Como estabelecê-lo? Por testemunhas? Por documentos oficiais? Sabemos que as mais
honestas testemunhas se enganam e que os documentos oficiais também mentem. Para
escrever em minúcias um dia na vida de seu personagem Tristam Shandy, o escritor
irlandês Laurence Sterne precisou de um ano inteiro para realizar o trabalho e a
descrição preencheu um enorme volume. Isto é, diante do incrível acúmulo de fatos e
personagens no decorrer dos tempos, qualquer critério de escolha é injusto. Depois da
literatura do século XIX e do cinema do começo do século XX terem alçado pessoas
anônimas e situações cotidianas ao templo da arte, os historiadores também passaram a
produzir uma história que já não busca apenas os heróis ilustres e os grandes atos
administrativos como objetos de estudo. As mulheres, os índios, os operários, as
minorias étnicas têm sido reivindicadas no panteão dos sujeitos da história e a vida
privada, os hábitos culturais, as sociabilidades cotidianas agora dividem espaço com os
fatos políticos. Assim, colocar uma estátua de um índio ou um caboclo no lugar do “trio
fundador”, não resolve o problema. Não tenho dúvida de que o leitor deve imaginar que
cada um de nós, cada cidadão chapecoense pode acreditar que mereça uma homenagem,
por mais singela que seja. Cada um de nós sabe o quão heróica foi ou é a vida de um
trabalhador nos frigoríficos da região ou de um pequeno agricultor ou cooperado.
Portanto, eleger uma personagem, uma cultura, é deixar todas as outras de fora.

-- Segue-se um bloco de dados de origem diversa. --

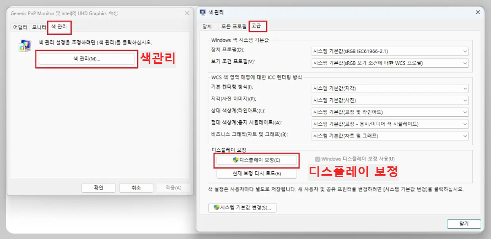 2) 어댑터 속성표시 → 색관리 → 고급 → 디스플레이 보정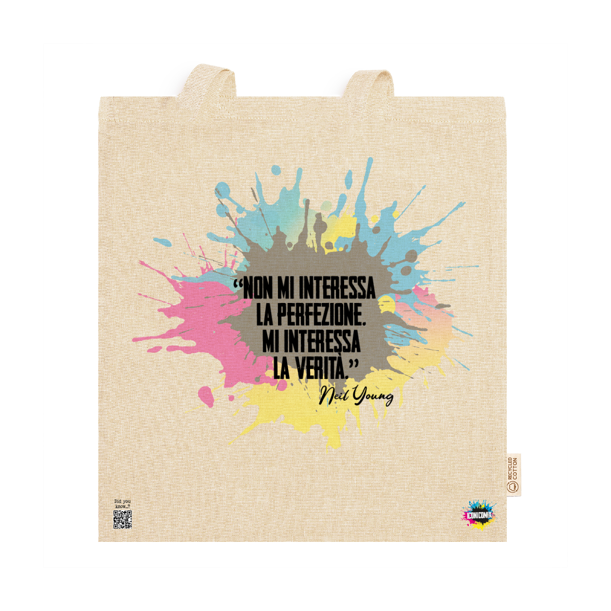 In ogni nostra grafica è presente anche un QR code che reindirizza al sito iconicomix.com, alla pagina ufficiale dell’icona che hai scelto. Una porta digitale che racconta la sua storia, le sue frasi e il suo mondo.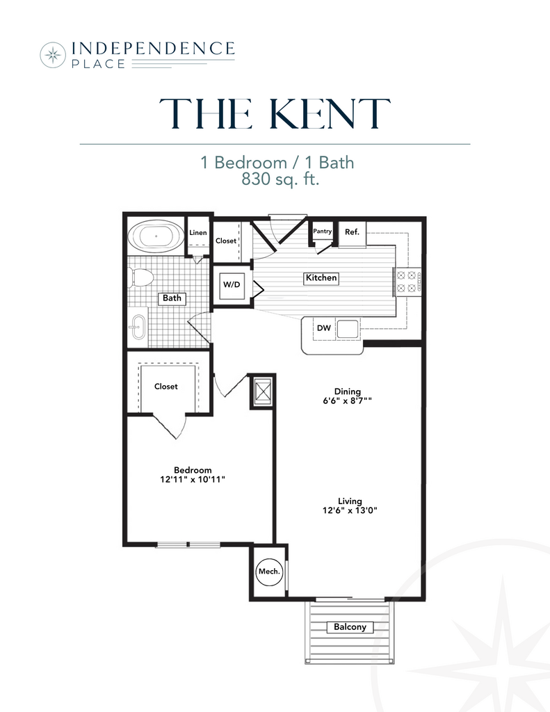 Apartment Model: The Kent1 Bedroom, 1 Bath, 830 sq ftAvailable December 1, 2025![]()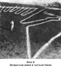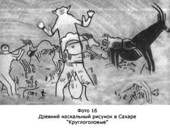 Древнейшие художники принадлежали к племенам, тысячелетия назад населявшим тогда цветущую и обильную Сахару. Анри Лот обнаружил, что рисунки наслаиваются «по эпохам». Более поздние нарисованы на месте самых древних. И вот эти-то, самые древние, представляют особый интерес. Профессор Анри Лот относит их к шестому — восьмому тысячелетию до нашей эры. Он объединяет рисунки того времени общим названием «периода круглоголовых». Почему «круглоголовых»? Да потому, что двуногие, прямостоящие существа на этих рисунках, напоминающие людей, изображены все… в круглых шлемах!.. Особенно поражает гигантский наскальный рисунок размером в шесть метров. — Когда я показал этот рисунок известному полярному летчику штурману Аккуратову, — вспомнил наш рассказчик, — он воскликнул: «Ведь это так походит на мой скафандр, который на меня напяливают перед высотным полетом! И шлем совсем такой же…» Да, похоже, что это скафандр! Профессор Анри Лот назвал этот рисунок «Великим богом марсиан из Джаббарена». Ущелье Джаббарена, где найден этот рисунок, в переводе с языка туарегов означает «Ущелье исполинов». Лот говорит, что упоминает марсиан условно, но именно такими мы представили бы сейчас марсиан или других космических пришельцев. Впоследствии, когда мне привелось встретиться с первым космонавтом Земли Юрием Гагариным, я вспомнил рассказ аспиранта. Гагарин надписывал свои бесчисленные фотографии. Я сказал ему: — Юрий Алексеевич! Вы немало надписали фотографий. Но посмотрите на рисунок, который сделан за восемь тысяч лет до вашего полета. Похоже? — Не вполне, но… похоже! — сказал Гагарин и надписал фотографию изображения своего инопланетного предшественника (фото 15). Да, похоже! Но что это на самом деле? Какая фантазия древнего художника могла породить это странное изображение? В корабельном салоне оказался профессор-философ, молча и скептически слушавший аспиранта. Он сказал: — Марксизм учит, что фантазия отталкивается только от опыта. Художник не мог выдумать ничего, что не видел хотя бы по частям, например, у сказочного дракона пасть крокодила, крылья летучей мыши и тело змеи… — Полноте, братцы, — снова вмешался капитан. — Просто обрядовое одеяние жреца, и все тут! — Одеяние тоже надо придумать. Этим оно принципиально не отличается от рисунка, оно требует такой же фантазии, отталкивающейся от действительности, — заметил профессор. — Всмотримся в рисунок, — предложил аспирант. — Штурман Аккуратов обратил мое внимание на крепление шлема. Оно говорит о том, что давление внутри шлема и снаружи было разное. Ниже два отверстия. Так изобразил старательный художник, очевидно, отверстия для глаз, передав в перспективе толщину шлема. Еще ниже — горизонтальные складки герметического воротника. И дальше — вертикальные складки свободно спадающей, очевидно, непроницаемой одежды. Но самое интересное, пожалуй, то, что это вовсе не единственное изображение, их множество (фото 16 и 17)! Аспирант показал нам их, листая книгу Анри Лота «Фрески Тассили». На последней фотографии нас поразило, что над шлемами одетых в скафандры существ видны какие-то решетчатые сооружения, которые напоминают… направленные антенны!.. — Вот вам свидетельство, пришедшее к нам через тысячелетия. Мы можем рассматривать портреты неведомых существ, спорить, строить догадки, но никак не 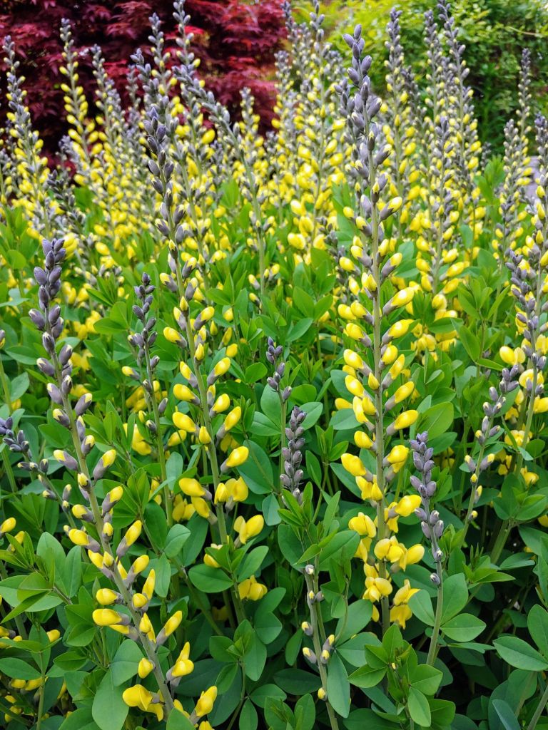 To vary textures, several hostas were transplanted to the slightly drier topside of the trench, but several broad leaf plants must still be added. Certainly, a baptisia (below) or two will be planted. These tolerate wet and dry and even a bit of shade, though I must locate any so that vigorous clumps do not grow to obstruct the drainage.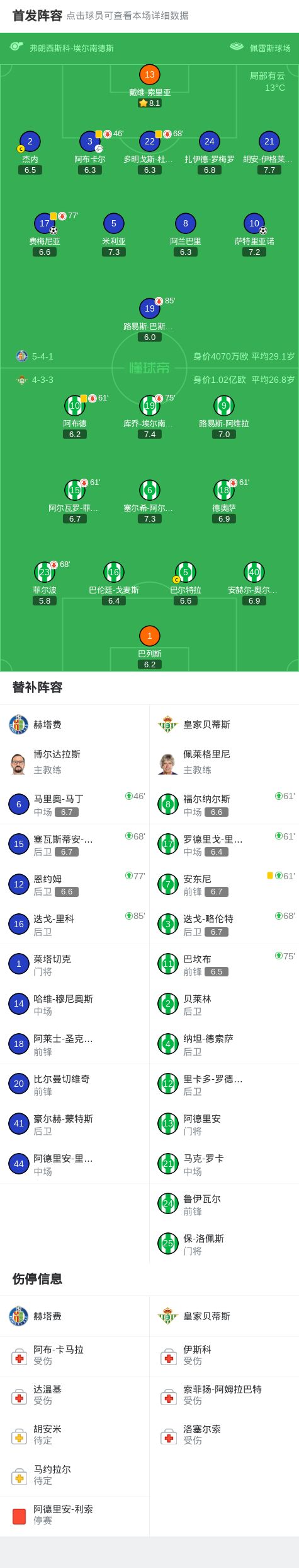 赫塔费vs皇家贝蒂斯:萨特里亚诺、戴维-索里亚首发,菲尔波、阿布德出战

O prefeito Luciano Buligon declarou que não fora ele que escolheu as
personagens, mas sim a história. Ora vejam só, temos aqui um prefeito muito
qualificado para tirar o corpo fora, mas pelo visto, conhece muito pouco a história do
município que governa. Ao contrário do que diz o prefeito, os historiadores regionais
produziram uma história profundamente crítica dos modelos tradicionais e dos
historiadores amadores que predominaram até pouco tempo atrás, os quais sequer
consideraram os povos nativos, inclusive os pré-históricos. Há muito tempo que se
produz, da graduação à pós-graduação, uma história crítica do passado da região que
hoje é problematizado a partir de outros ângulos. Também o cotidiano, o vulgar, o
anônimo, o incógnito, tornaram-se objetos dos estudos históricos contemporâneos. Já
não se pratica uma história laudatória e seletiva

Finalmente, eu não pretendo dizer que se deva ou não erigir um monumento


artístico em comemoração ao centenário, mas entendo que a população tem o direito de
comemorar, apesar das injustiças que a história regional não se cansa de nos mostrar.
Todos temos a consciência de nossa parcela de contribuição. Se a comemoração do
Centenário de Chapecó significar a glória de cada cidadão chapecoense, passados e
presentes, significar a glória dos anônimos, então terá meu apoio.

Sugiro que os proponentes do projeto repensem este investimento nessa


comemoração. Que tal um amplo debate democrático sobre como eleger um objeto
artístico representativo do sentimento de participação coletiva na história, de
responsabilidade com uma memória crítica e de desejo de construção fraternal do
futuro? Por que não realizar um concurso artístico amplo e irrestrito? Não precisa ser
direcionado apenas aos artistas locais. Não vejo problema em investir-se alto e bem em
arte, investir em grandes artistas. Temos o direito de proporcionar a convivência com
obras de arte que tenham a capacidade de nos surpreender. Isso não quer dizer que
eventualmente um artista local não possa nos surpreender. Tanto melhor se for assim.
Apenas precisamos lembrar que é preciso investir em educação, arte, cultura e história
com responsabilidade e participação democrática. A verdade é que para muitos de
nossos gestores, parece que esses cem anos não se passaram, parece que muitos
políticos ainda vivem no começo do século passado.